Photo: Rolling Stone
I’m sure my non-Christian friends were confused in high school when I talked about going to Christian punk rock shows. I found the idea of Christian hard core even odder. As Cartman says in the clip from “Christian Rock Hard,” after the jump, “Yeah, you guys are real hard core”—to which the drummer of Sanctified responds, “You bet your goshdarn rear-end we are.” And then there is the prevalence of heavy metal in the Muslim world.
But what in the world is Muslim punk? The Los Angeles Times mentions this music genre in a good contribution to stories about the emerging identity of Muslim American teens. The feature focuses on Hiba Siddiqui. Here goes:
Hiba slips out of the white T-shirt with black letters that read “HOMOPHOBIA IS GAY,” which she wore to Kempner High School, where she is a junior. It’s one of a collection of slogans the 17-year-old has silk-screened on T-shirts in her bedroom, unbeknownst to her parents, both Muslim immigrants from Pakistan.
There are other aspects of Hiba’s life lately she thinks they might not approve of either, like the Muslim punk music she has been listening to with lyrics such as “suicide bomb the GAP,” or “Rumi was a homo.” Or the novel she bought online, about rebellious Muslim teenagers in New York. It opens with: “Muhammad was a punk rocker, he tore everything down. Muhammad was a punk rocker and he rocked that town.”
This much Hiba knows: She is a Muslim teenager living in America.
But what does that mean?
It is a question that pesters her, like the other questions she is afraid to ask her parents: Can she still be a good Muslim even though she does not dress in hijab or pray five times a day? If Islam is right, does that make other religions wrong? Is going to prom haram, or sinful? Is punk?
Hiba loves Allah but wrestles with how to express her faith. She wonders whether it is OK to question customs. Behind her parents’ backs, she tests Islamic traditions, trying to decipher culture versus religion, refusing to blindly believe that they are one.

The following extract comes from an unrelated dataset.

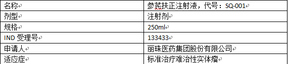我们来看看这个获得临床批件的药品是什么来头。参芪扶正注射液是由丽珠集团利民制药厂研究开发的二类中药新药。在1999年11月,参芪扶正注射液获得CFDA生产批文(国药准字Z19990065号),主要用于益气扶正;对由肺脾气虚引起的神疲乏力,少气懒言,自汗眩晕以及肺癌、胃癌见上述证候者的治疗有辅助作用。该中药注射液属于中药保护品种并纳入国家医保目录。根据IMS数据显示,2017年度,参芪扶正注射液实现销售收入约为人民币15.73亿元,且2017年度在国内抗肿瘤中药注射剂医院销售的市场份额占比约为13.66%。

“Isn’t that what Prophet Muhammad did?” asks Hiba, raising her thick black eyebrows and straightening her wiry frame, which takes on the shape of a question mark when she stands hunched in insecurity. “Question the times? Question what other people were doing?”
Not sure about that. I guess the same argument could be made for Jesus. Or Judah Maccabee. Certainly, they were revolutionaries; they challenged authority; they weren’t phonies. But saying that has a parallel in punk rock is probably a stretch. The important thing is Hiba, like Hytham Elsherif, is asking these questions of what it means to be Muslim in America.